BEGIN
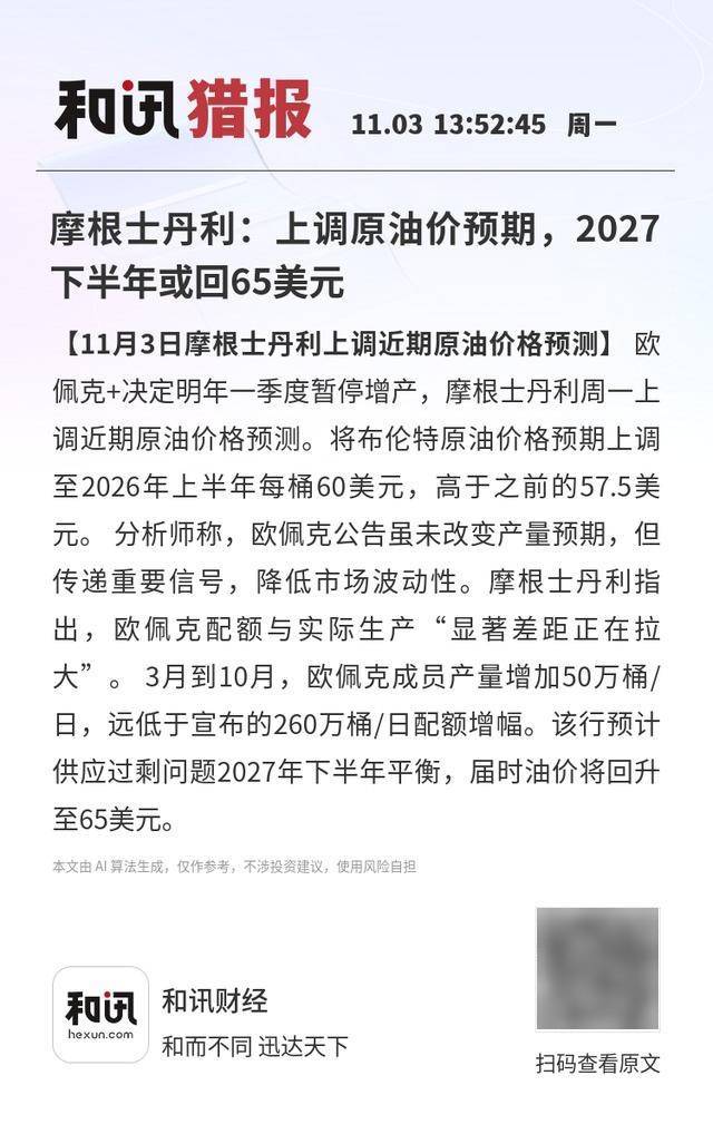 【11月3日摩根士丹利上调近期原油价格预测】欧佩克+决定明年一季度暂停增产,摩根士丹利周一上调近期原油价格预测。将布伦特原油价格预期上调至2026年上半年每桶60美元,高于之前的57.5美元。 分析师称,欧佩克公告虽未改变产量预期,但传递重要信号,降低市场波动性。摩根士丹利指出,欧佩克配额与实际生产“显著差距正在拉大”。 3月到10月,欧佩克成员产量增加50万桶/日,远低于宣布的260万桶/日配额增幅。该行预计供应过剩问题2027年下半年平衡,届时油价将回升至65美元。
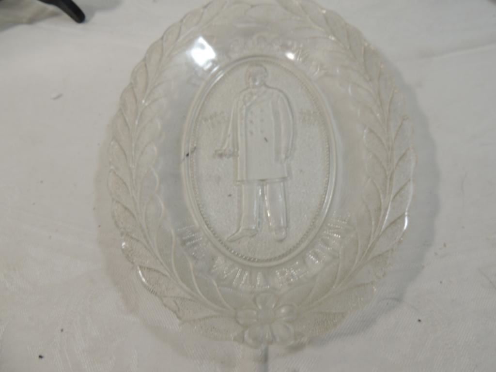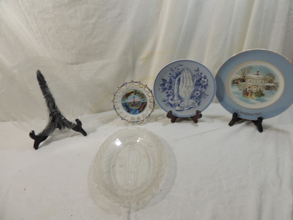 SERVING PLATES, DECORATIVE PLATES, COMMEMORATIVE PLATES, SOUVIENR PLATES, PRESSED GLASS PLATES, PORCELAIN PLATES AS SHOWN SEE PHOTO FOR MORE DETAILS.
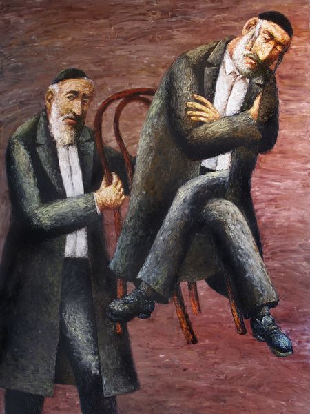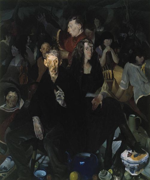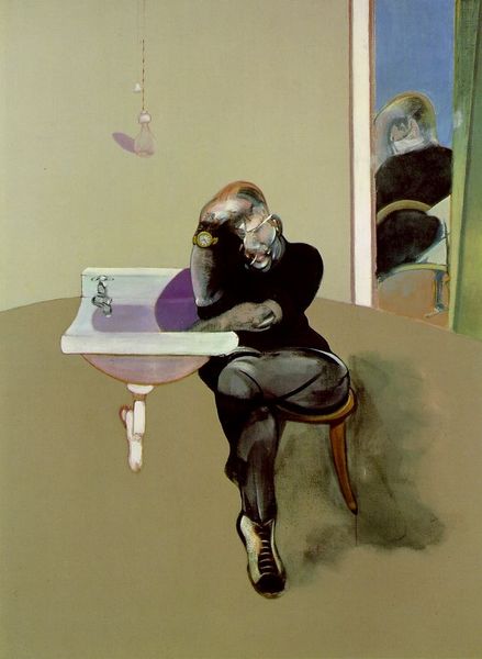 Editor: This is Lucian Freud’s "Reflection with Two Children (Self-Portrait)," painted in 1965 using oil paint. I'm struck by how raw and unflattering the figures are rendered. What do you see in this piece beyond just the depiction of the figures? Curator: I’m interested in the materiality itself. Look at the thick application of paint, almost sculptural. Notice how Freud builds up layers, revealing and concealing, creating a tangible sense of the passage of time and labor. Think about what he's *doing* with the oil paint. Does the somewhat muted palette connect it to something from the era of its creation? Editor: It feels very intentional, as though he wants us to focus on the physical process of making the painting, the labour. That's really interesting. What’s the social context for using this almost brutal style for a portrait of his family? Curator: Consider post-war Britain. There’s a rawness and disillusionment. Traditional portraiture, often commissioned by the elite, is being challenged. Freud’s work disrupts those conventions. His emphasis shifts towards the unvarnished reality of the everyday, utilizing the materials in a new way to present a vision rooted in the common man and anxieties present within contemporary society, challenging our assumptions of art. What is labor to the sitter versus labor to the maker? Editor: So, by focusing on the material and the act of painting, Freud reflects a broader societal shift, away from idealization, towards a grittier view of life. Thank you! Curator: Indeed! It changes how we perceive not only the subjects, but the means by which that perception is created and consumed.
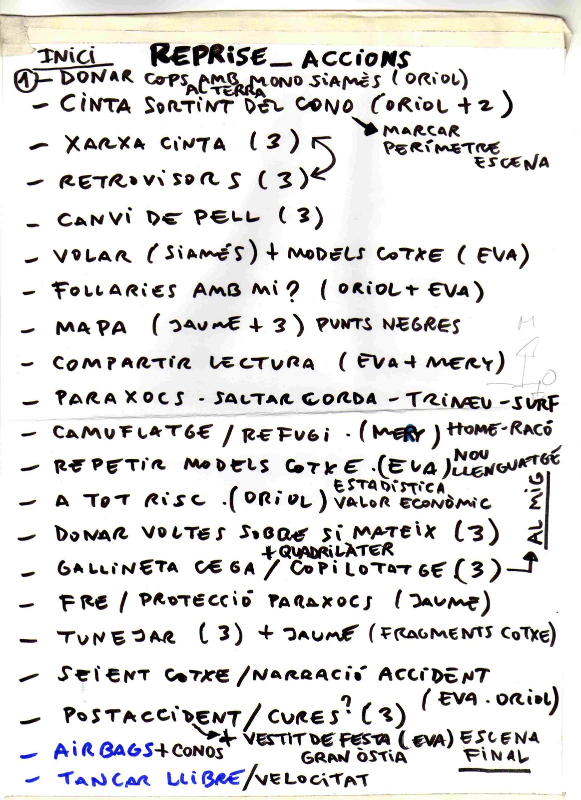 Proposta: treballar els elements/objectes escènics per separat, de forma individual, sense contaminar-los amb la resta. Separar acció/text.
END
■ What the task asks
Could you print the whole listing again, exactly, leaving the pictures out?

■ Exercise answer
 【11月3日摩根士丹利上调近期原油价格预测】欧佩克+决定明年一季度暂停增产,摩根士丹利周一上调近期原油价格预测。将布伦特原油价格预期上调至2026年上半年每桶60美元,高于之前的57.5美元。 分析师称,欧佩克公告虽未改变产量预期,但传递重要信号,降低市场波动性。摩根士丹利指出,欧佩克配额与实际生产“显著差距正在拉大”。 3月到10月,欧佩克成员产量增加50万桶/日,远低于宣布的260万桶/日配额增幅。该行预计供应过剩问题2027年下半年平衡,届时油价将回升至65美元。
 SERVING PLATES, DECORATIVE PLATES, COMMEMORATIVE PLATES, SOUVIENR PLATES, PRESSED GLASS PLATES, PORCELAIN PLATES AS SHOWN SEE PHOTO FOR MORE DETAILS.
 Editor: This is Lucian Freud’s "Reflection with Two Children (Self-Portrait)," painted in 1965 using oil paint. I'm struck by how raw and unflattering the figures are rendered. What do you see in this piece beyond just the depiction of the figures? Curator: I’m interested in the materiality itself. Look at the thick application of paint, almost sculptural. Notice how Freud builds up layers, revealing and concealing, creating a tangible sense of the passage of time and labor. Think about what he's *doing* with the oil paint. Does the somewhat muted palette connect it to something from the era of its creation? Editor: It feels very intentional, as though he wants us to focus on the physical process of making the painting, the labour. That's really interesting. What’s the social context for using this almost brutal style for a portrait of his family? Curator: Consider post-war Britain. There’s a rawness and disillusionment. Traditional portraiture, often commissioned by the elite, is being challenged. Freud’s work disrupts those conventions. His emphasis shifts towards the unvarnished reality of the everyday, utilizing the materials in a new way to present a vision rooted in the common man and anxieties present within contemporary society, challenging our assumptions of art. What is labor to the sitter versus labor to the maker? Editor: So, by focusing on the material and the act of painting, Freud reflects a broader societal shift, away from idealization, towards a grittier view of life. Thank you! Curator: Indeed! It changes how we perceive not only the subjects, but the means by which that perception is created and consumed.
 Proposta: treballar els elements/objectes escènics per separat, de forma individual, sense contaminar-los amb la resta. Separar acció/text.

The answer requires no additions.